Scotland’s Glasgow City Council has raised the Palestinian flag over the city chambers in a move to express its solidarity with the people of the Gaza Strip.
Sadie Docherty, Lord Provost, or civic head, of Scotland’s largest city said Friday that the flag is an expression of solidarity with Palestinians.
Docherty wrote a letter to Vera Baboun, the mayor of Bethlehem in Palestine’s West Bank, to inform her of this mark of support.
In addition, Docherty offered the Bethlehem mayor “heartfelt sympathy” to the residents in Gaza and said that people of Glasgow “are united by a common desire to support the Palestinian people.”

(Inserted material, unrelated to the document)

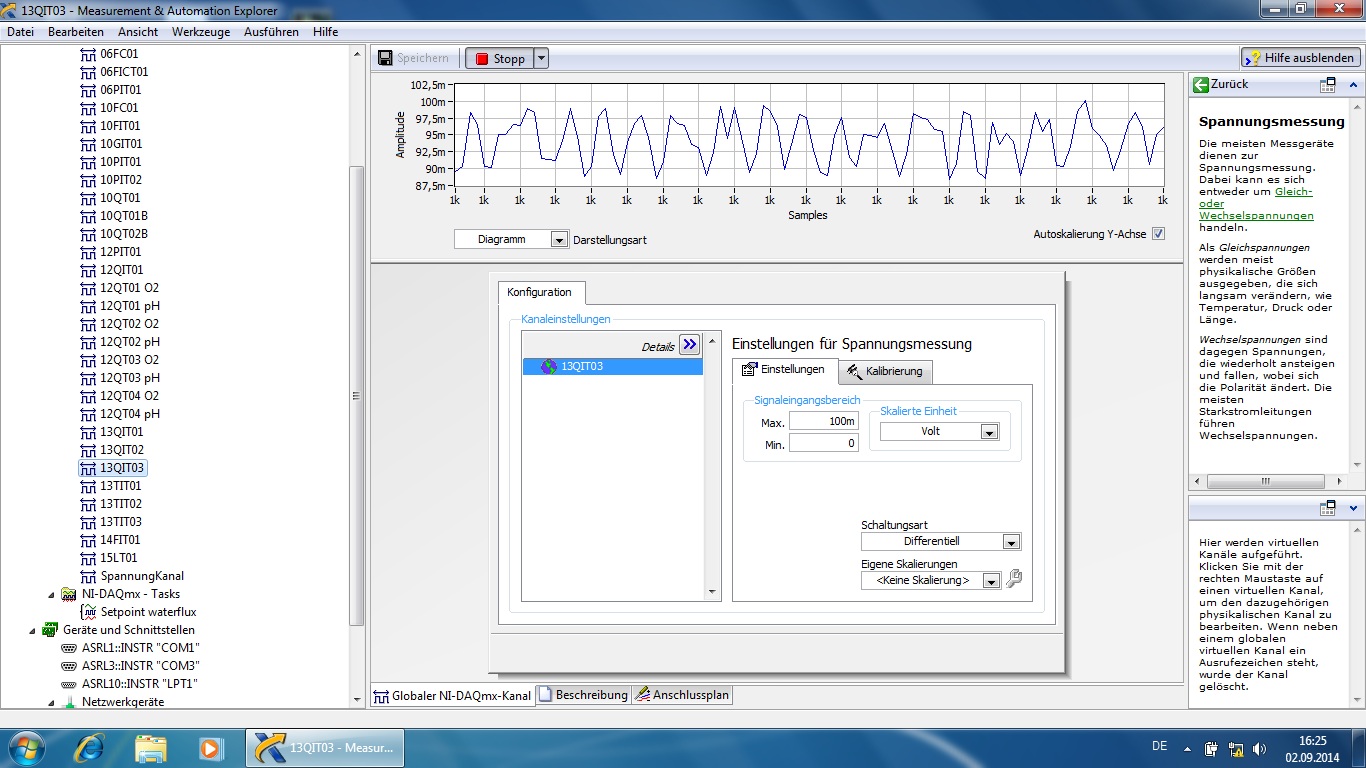 Mein Problem: Ich habe 3 Sauerstoffssonden die mir meine Sauerstoffkonzentration messen und an meine LabView Oberfläche bzw an mein cDAQ übermitteln sollen. Wenn ich mir das Signal meiner Sensoren im Measurment Explorer anzeigen lasse verhält es sich nach Neustart der Messung so, dass das Signal erst in der richtigen Größenordnung ist (nur geringer Schwankung sind vorhanden). Nach ungefair einer Minute fängt das Signal an stärker zu oszillieren und zeigt sehr große Variation in der Spannung. Ab diesem Zeitpunkt liegt nur noch das Maximum der Amplitude im richtigen Größenbereich also das gemittelt Signal ist zu gring.

“I would like to convey my most sincere condolences to the many in your city and throughout Palestine who have been affected by this conflict,” said Docherty.

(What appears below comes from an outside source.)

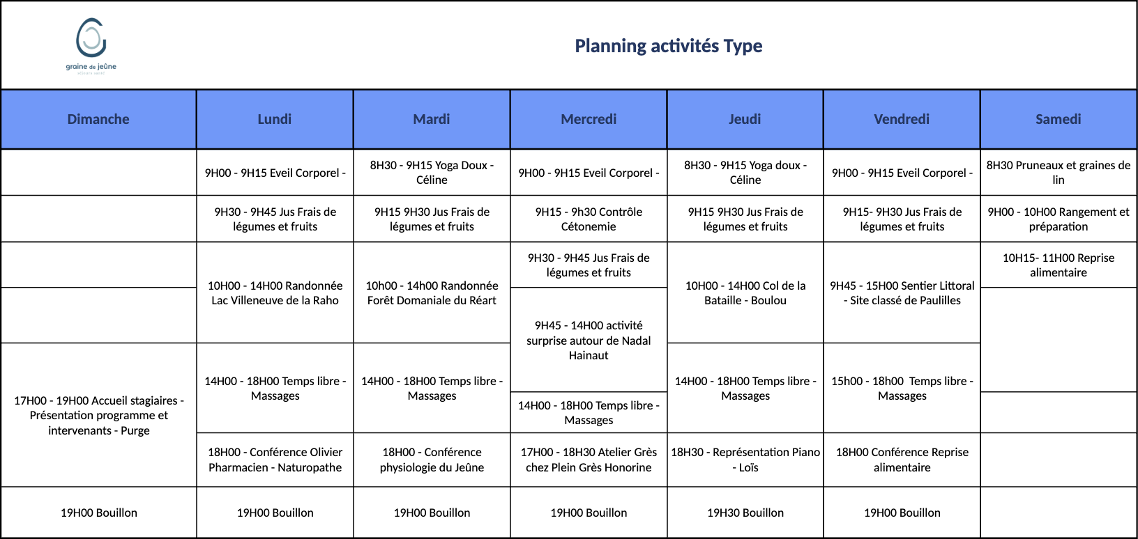 Toutes les activités sont incluses dans le séjour. Les jours et les horaires sont cependant variables.

The decision to raise the Palestinian flag was met by criticism from the Glasgow Jewish Representative Council, while residents of Glasgow welcomed the move, saying on their Twitter accounts that the city made them “proud to be Glaswegian.”
Fife Council has also announced plans to fly the Palestinian flag over Fife House in Glenrothes for a week in protest at the suffering of the people of Gaza.
The support for Palestinians came on the same day as Israel resumed its military offensive in the besieged Gaza Strip after the expiry of a 72-hour-long truce between Tel Aviv and the Palestinian resistance movement Hamas.
About 1,900 Palestinians, including more than 400 children, have been killed and over 9,500 others wounded since the Israeli military first launched its brutal military aggression against Gaza on July 8.